Охранников за ее спиной, на удивление, нет, и дверь она обратно не запирает, просто слегка прикрывает, чтобы не было видно, что происходит внутри. Кризалис не задумывается, что бы это значило. Его вообще должны были запереть в подвале, а не у себя, неужели так сильно ему доверяют? Зря, он ведь так их подвел… Ожидание приговора ужасно изматывает. «Просто скажи мне, что я виновен, и меня ждет соответствующее наказание. Боли я не боюсь, только неизвестности».
— С чего бы это? — у Кризалиса даже остались силы на самоиронию. Он прижимается спиной к стене, изучая Родригез — она присаживается рядом на корточки, сканируя глазами-рентгенами, которые явно стали желтее и больше, чем обычно. — Я спокоен. Мне до пизды. Похуй вообще.
Матерится он по-русски, но иностранцы мат запоминают в первую очередь, так что Джесс даже не пытается сделать вид, что не понимает его язык. Хотя тут, конечно, все понятно на интуитивном уровне.
— Бухло нести? — говорит сочувствующе и смотрит совсем не как на преступника. От этого почему-то становится гаже. Не так она должна смотреть.
— Слушай, отвали, а. Я сам.
— Все ты сам! А потом по уши в дерьме сидишь. Мужчины, — она закатывает глаза. Люди и нелюди вокруг нее обожают усложнять себе жизнь и отказываться от ее помощи. А она просто так ее никому не предлагает! Только тем, кто ей действительно нравится. Вот и будь потом кому-нибудь союзником — ни слова благодарности не услышишь. Даже Джош ей спасибо не сказал, когда она в обмен на секс не стала убивать его и его подружку. Были ж времена…

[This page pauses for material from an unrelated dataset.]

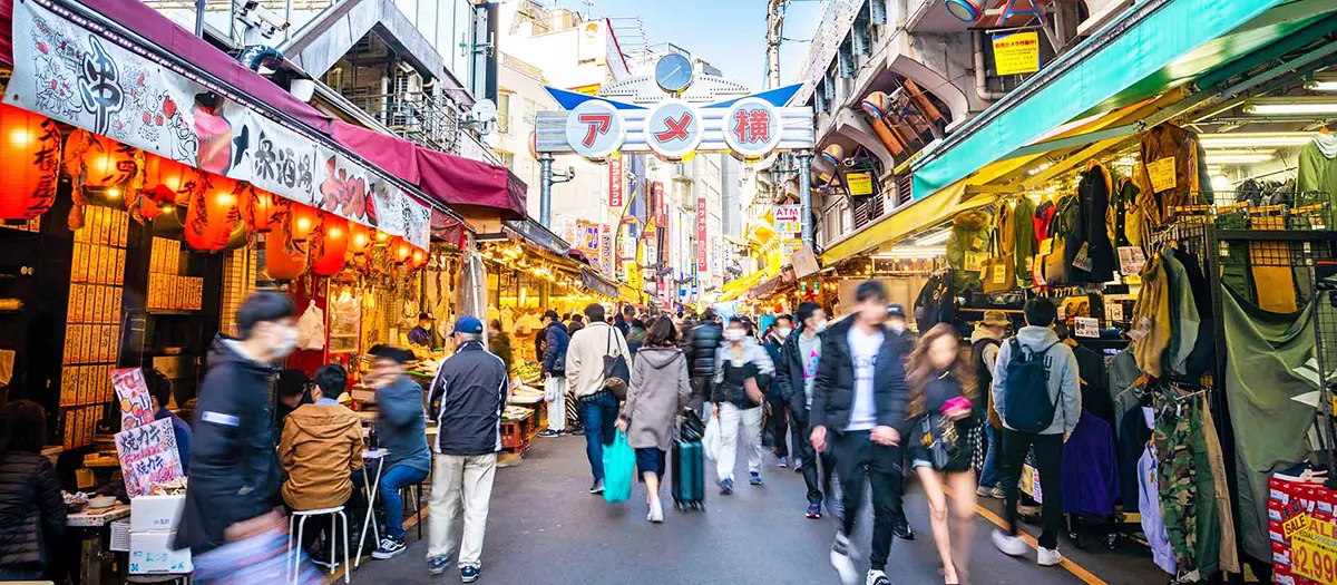 Take a short walk from the bustling transport hub of Ueno Station and find yourself in a cultural and recreational haven. Expansive Ueno Park that sits next to the station houses many museums, a large boating pond, a shrine with a pagoda, and Japan's oldest zoo. The park is the focus of attention in April as the many cherry trees burst into bloom. Follow the train tracks of the Yamanote Line towards neighboring Okachimachi Station to experience Ameyoko—the bustling shopping street where the distinctive calls of market sellers can be heard selling everything and anything from clothes, spices, cosmetics and fresh fish.

Джессика уверенно кладет руку Кризалису на колено, улыбаясь соблазнительно и многообещающе. Она явно настроена позитивно, даже чересчур, иначе первым делом обматерила бы льва конкретно и как-нибудь отомстила бы за попытку заткнуть. Хотя чем это не месть? Кризалис награждает руку на своей безвольной ноге усталым взглядом, совершенно не желая ее там видеть. Дергается на пробу, пытаясь сбросить, но нахалка крепко вцепляется в штанину, рискуя ее порвать. А вот этого не хотелось бы, хорошие же штаны, ну! За сорок гривен.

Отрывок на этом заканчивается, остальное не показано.